16:07But we can also use the whole algorithm on hierarchically clustered structures and then see visually in the result these hierarchies again.
16:16And you can see it here.
16:18In the left picture you can see a large cluster with three dense clusters.
16:25These three dense clusters - marked here - are exactly the three valleys you see in this picture.
16:34The entire cluster that we have presented here, then corresponds to the whole valley, as shown above.
16:44At this point you can also see, How to create the hierarchical cluster structures with a classic DBSCAN approach.
16:54If we decide now in this picture, to set the epsilon of DBSCAN to this value, we find three cluster structures.
17:03With Epsilon 1 we find three cluster structures, with Epsilon 2 we find a large cluster structure.
17:11And that makes us flexible and allows us to work in a postprocessing the cluster structures we want, also by different settings of Epsilon itself.
17:22A little more complex on the right, Here you can see many different structures.
17:28Maybe we should start with the Reachability Plot, so that we can recognize the interpretation from it.
17:34First we'll see a valley structure here, which corresponds to a first cluster.
17:41This cluster is of course very, very sparsely staffed, has correspondingly very high reachability distances,
17:50while further back in this diagram - here - cluster structures that are very, very densely packed.
17:59And these can be seen in this area here.
18:03There are a few objects that also belong to this cluster structure, you can see individual objects next to this cluster structure, I'll mark these short.

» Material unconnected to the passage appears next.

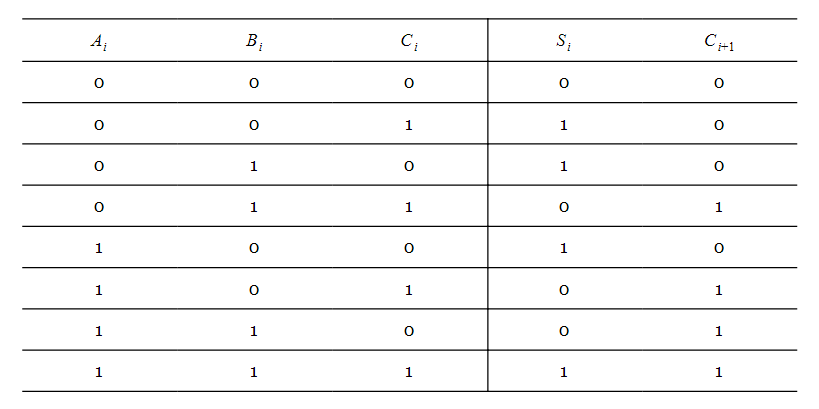 Here, and are the digits of the ith column and is the carry produced by the previous column. Adding these three bits gives a sum, , and a carry . will be added to the digits of the next bit position. Hence, for a four-bit adder that adds to , we have the following diagram:

18:15These also belong to the large cluster structure, so if I adjust the epsilon here, I get the entire cluster accordingly.

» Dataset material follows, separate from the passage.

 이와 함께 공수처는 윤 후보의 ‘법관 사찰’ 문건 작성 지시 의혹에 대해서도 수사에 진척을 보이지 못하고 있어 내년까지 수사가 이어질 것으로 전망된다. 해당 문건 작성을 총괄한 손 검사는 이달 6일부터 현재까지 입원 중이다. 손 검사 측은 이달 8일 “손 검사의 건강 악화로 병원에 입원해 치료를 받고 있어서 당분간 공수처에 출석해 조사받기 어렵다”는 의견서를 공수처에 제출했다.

18:23And every other valley you see here, corresponds exactly to a cluster structure.
18:30But one can also use several cluster structures, as shown here now.
18:37And at this level, three small clusters could now be and a slightly larger cluster with the entire object in this area.

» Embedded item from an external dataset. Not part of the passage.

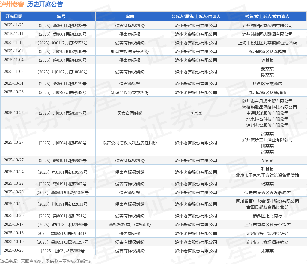 案号:(2025)浙1082民初6662号根据统计,近一年内以泸州老窖股份有限公司为当事人的历史开庭公告有377则,其中案由为“侵害商标权纠纷”的公告以280则居首,其次为“侵害商标权”有49则,“商标权权属、侵权纠纷”有12则。历史开庭公告(前20条)如下:

18:53Here you can really see how you can get out of the Reachability-Plot extract the interpretation of hierarchical clusters.
19:02Finally, perhaps a brief summary the procedures of hierarchical clustering:
19:12We're obviously seeing the benefits in there, that we no longer have to specify a number of clusters in advance.
19:20Both agglomerative and density-based hierarchical Clustering algorithms enable you to find cluster structures without a prior specification of the number of clusters.
19:33They are very robust in terms of parameters, especially if you use the Epsilon in the OPTICS area,
19:41while the previous methods for Setting of Epsilon rather heuristic nature were at DBSCAN.
19:49The big advantage that is certainly needed in many applications, one has the complete hierarchy of all clusters
19:57and can decide in the end, which cluster structures you want to process and how.
20:02It is not necessary to decide in advance how dense the structures must be.
20:07Visualization is possible both with the dendrograms agglomerative clustering as well as with the Reachability Plots at OPTICS
20:14very intuitive and can also be used for illustration purposes. of these cluster structures can be used.
20:20That, let's call it partitioning flat clustering. you can later use such dendrograms or extract them from the Reachability Plots.
20:31Of course, this is also a disadvantage at the same time, because the user has to extract this final clustering.
20:38And another disadvantage you have to be aware of, is the scalability of such methods.
20:43While previous methods such as K-Means or DBSCAN were very efficient in the database size and we were only able to had to have very little access to our data,
20:57we see here in standard methods of agglomerative clustering square to sometimes cubic running times,
21:06during OPTICS without index support is also scaled quadratically accordingly.
21:11So you have to be aware that the benefits, we see up here on this slide, of course, this is accompanied by corresponding efficiency disadvantages.
21:20Thank you so much, and I'll see you in the next class.